In practice, sexual orientation poses only one question, and it is both dull and blunt: What is the gender of the people whom you are sexually attracted to and with whom you want to have intimate relationships?
This is my problem.
I came to this when I was trying to write about orientation for children. When I write, I start by just trying to get the ideas down. I don't worry about comprehension level at first; I just try to describe what I see in the world. In one of those early drafts, I wrote something like this:
Sexual orientation is the way that most adults organize their intimate and romantic relationships. Adults seem to believe that the most important aspect of who they love and who they want to be in close romantic relationships with is the gender of that other person.
So if most of the time someone who calls themselves a woman wants to be in relationships with other women, we say her orientation is homosexual. If most of the time someone who is a woman wants to be with men, we say her orientation is heterosexual. If most of the time she is open to relationships with men or women we say her orientation is bisexual.
And as soon as I wrote that and read it, I knew I had other problems. One is that neither I nor many others fit into the "man" or "woman" boxes easily. An even bigger problem is this:
Why do we need to organize our relationships based on the gender of the people we are most attracted to? Why does gender need to be the most salient aspect of the object of our desire?
If this seems like a ridiculous question to you, you don't spend enough time with kids. It's not a ridiculous question, and it's one that many kids will ask, if they feel safe enough and empowered enough to do so.
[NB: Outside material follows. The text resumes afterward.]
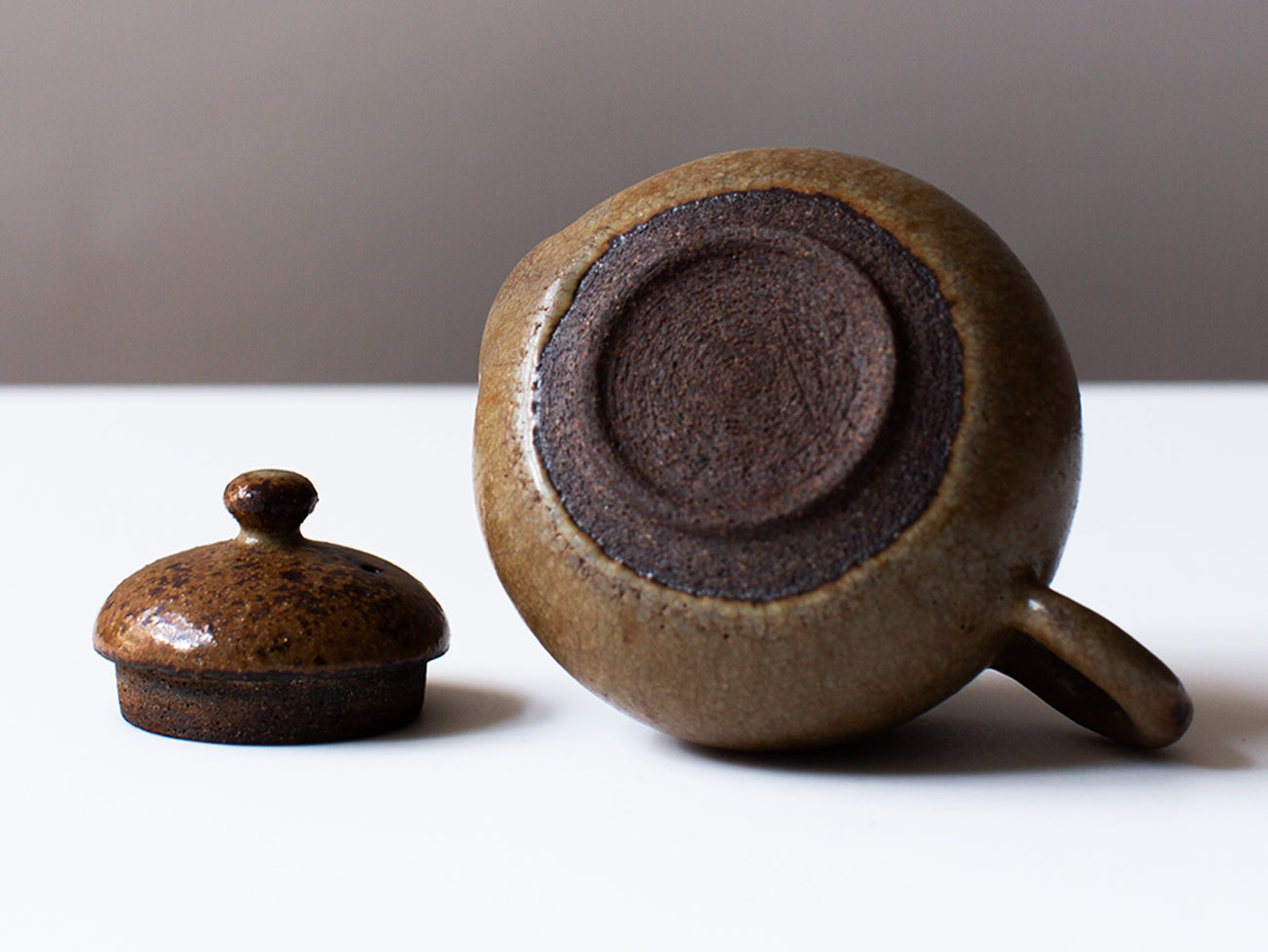 Zhang Hao Yen’s latest collection of tiny teapots are perfectly proportioned for this style of tea making. Thrown from dark stoneware clay, the artist achieves the same qualities of wood fired ceramics on the exterior of this piece by mixing ash into his glaze. You can find evidence of this in the organic striations and subtle iron beauty spots freckling the proud, pear shaped form.

It's a reasonable question, and the truth is that I don't have a good enough answer.
Instead of a good answer, when I was first asked this question, I was left with an intense feeling of "d'oh!"
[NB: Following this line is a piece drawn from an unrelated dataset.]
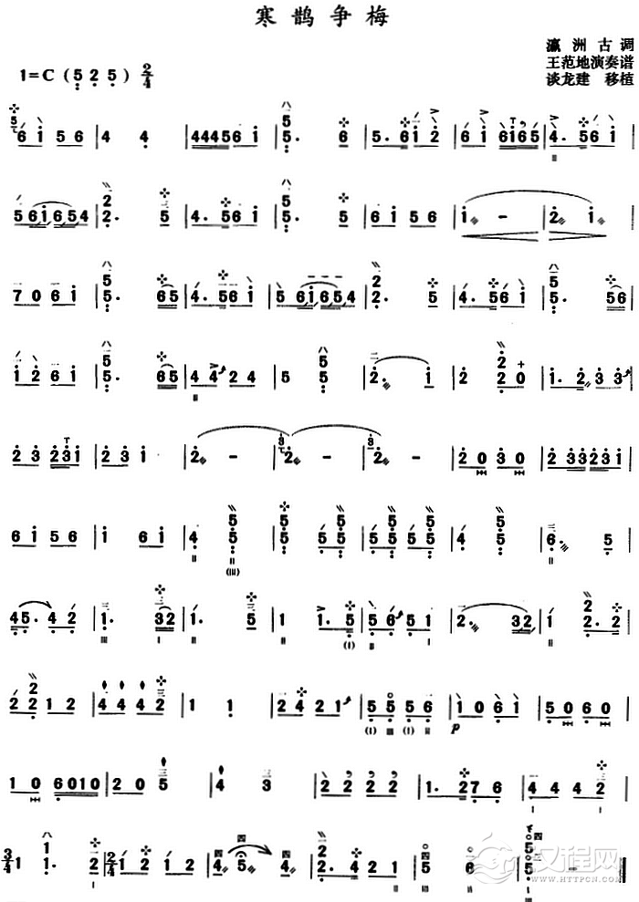 曲谱大全三弦谱《寒鹊争梅》五线谱

Why, in the face of all the amazing ways we might describe and understand our relationships of love and lust, would we use such a narrow frame of reference? More than any other subject, it was with this topic that I felt the weight of adult sexual socialization come down on a child's understanding and experience of sexuality like a cage. Like a trap.
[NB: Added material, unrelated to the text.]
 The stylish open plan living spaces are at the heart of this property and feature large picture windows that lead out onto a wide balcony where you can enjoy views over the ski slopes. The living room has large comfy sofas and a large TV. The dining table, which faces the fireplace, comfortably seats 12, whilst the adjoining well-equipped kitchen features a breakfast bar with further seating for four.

I was also left wondering about what sort of alternative could be offered. The alternative can't be some frameless "everyone just is" answer.
I think the alternative might be found in a more expansive and creative use of the idea of orientation, one that highlights our relationships to people and ideas around us, as well as our relationship to structures of power that limit our options based on things like race, class, gender, our bodies, and whom we love and lust after.
For now my tactic is to stall a bit. As I'm getting deeper into the writing, I am finding myself wanting more and more to postpone the introduction of concepts of adult sexual socialization. The cage has to come down at some point, but part of me wants to let those of us who still can roam free keep roaming just a little while longer.